Determining that he's contrite, I set him securely on his four hooves. On the ground. Where he belongs. Snorting, shaking his brushy mane out, his grumbling subsides to disgruntled-sounding snorts.
My mouth twisting into a reluctant smile, I pat him. To my surprise, under my hand, his hair peels from his skin and comes away in a clump.
I stare at it as it drifts to the ground. “Oh no…”
“It’s okay,” Becky allays, accurately ascertaining why I’m concerned. “He’s shedding. It happens to the horses too, before the summer heat hits.”
I blink. “Say again?”
Becky gestures at Paco. “He’ll become sleek as summer hits.”
My brows have reached my hairline. I can literally feel them lifting up my hair. “This isn’t summer?”
Becky tries to hide a wince, but I see it.
I swallow. “You mean to say the sun will get CLOSER to the planet surface?”
One of her shoulders rises in an uncomfortable shrug. “That is how summer happens, I guess. So yeah.”
Refocusing, choosing to ignore the horror of her statement—for now—I return to the matter at hand. I move for the steps again, but stop at the foot of the first one so that Becky and I are near enough in height for our eyes to be mostly level with one another.
Becky eyes me with curiosity. “You rang?”
My brow puckers. “What?”
She waves her hand. “Nothing. What is it you need?”
I gesture behind me, at the barn. “I can’t find where the other poles and wire are.”
She frowns. “What do you mean?”
I ascend another step and lean into her space to plant a kiss of affection on her forehead. “I used the supplies that were available, but now those are gone. I have many oxyokes left to do—where are the rest of the posts and fence you’d like me to erect?”
Her eyes are wide. It takes her several blinks before she draws her gaze off of my mouth. “You went through everything that was piled in the barn?”
I nod.
Gaze moving past me, she shakes her head, tone full of something like wonder. “That was fifty oxyokes’ worth of fencing, Will. Everyone told us it’d take two days per oxyoke—and that was if we hired help.” She looks at me now, eyes assessing. “You fence inhumanly fast.”
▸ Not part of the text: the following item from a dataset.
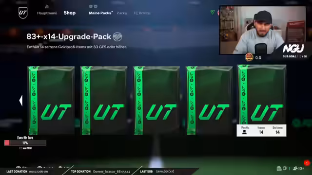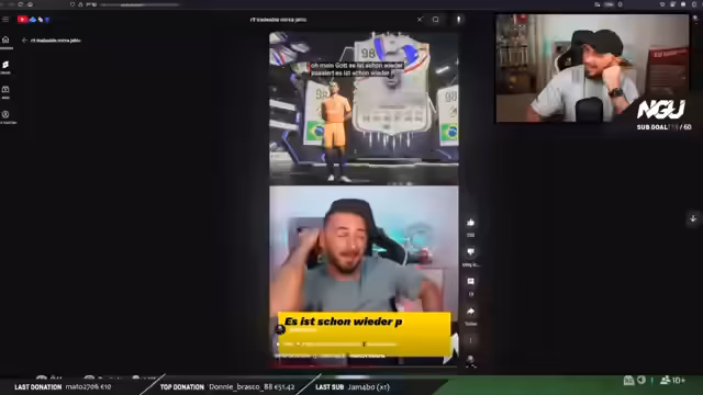 01:57:05Das Pack-Opening beginnt mit kleineren Paketen, wobei der Streamer erstmals Walkouts zieht. Der Höhepunkt ist jedoch der Erinnerung an einen seiner größten Pulls: den legendären R9 aus FIFA 20. Diese Erinnerung löst eine große Begeisterung aus und lässt ihn über den nostalgischen Kauf des 95er R9 nachdenken. Parallel dazu startet er interaktive Wetten für das Publikum, bei denen die Zuschauer mit Kanalpunkten auf Eigenschaften der nächsten gezogenen Spieler, wie die Größe oder die Fähigkeiten, wetten können.

“You shortened my name,” I breathe.
She pauses, looking uncertain. “Is that okay? Would you rather I call you—”
“No,” I rush to say. “I was under the impression that shortening a name tends to signify friendship. Or so I have seen in vids. Is this true of real life too? Of… you and me?”
Becky glances away in a manner that I’ve heard vids describe as bashful. “Yes.”
My heart swells. “Would you like the remaining acreage fenced as well?” I ask.
She blinks and her mouth opens and closes once before she’s able to marshal the ability to reply. “Yeah. I mean, we can’t afford to do it all right away, but ideally we’ll be able to buy the supplies to set up a couple more grazing pastures so we can rotate the horses. To do that, we’re going to have to make a trip into town.”
I drag my gaze up from where I’d been admiring the too-comely curves of her body. “We should be able to make a good-sized purchase.” I don’t say it aloud, but we still have the saddlebag tender, after all. Although we’ve never spoken of it, I get the impression Becky feels both justified at claiming the money, while simultaneously hating it. “When would you like to go? My friend,” I add, touched.
Lips curving, she tosses the dishtowel she’d been holding onto her shoulder. “We can go now.” She looks tremendously fetching standing before me, even with Paco’s spittle staining her clothing.
Acting on my impulse to show her more affection, I swoop down, the brim of my beaver felt hat turning up as it drags over Becky’s blouse before I reach Becky’s belly, and plant a kiss on it. “Hello, little Tad,”I say, shortening Tadpole’s name. “My other friend.”
Becky sucks in a startled breath as her stomach bumps my mouth. Her hands fly up, coming to rest on my shoulders—but she doesn’t push me away. “The baby’s moving.”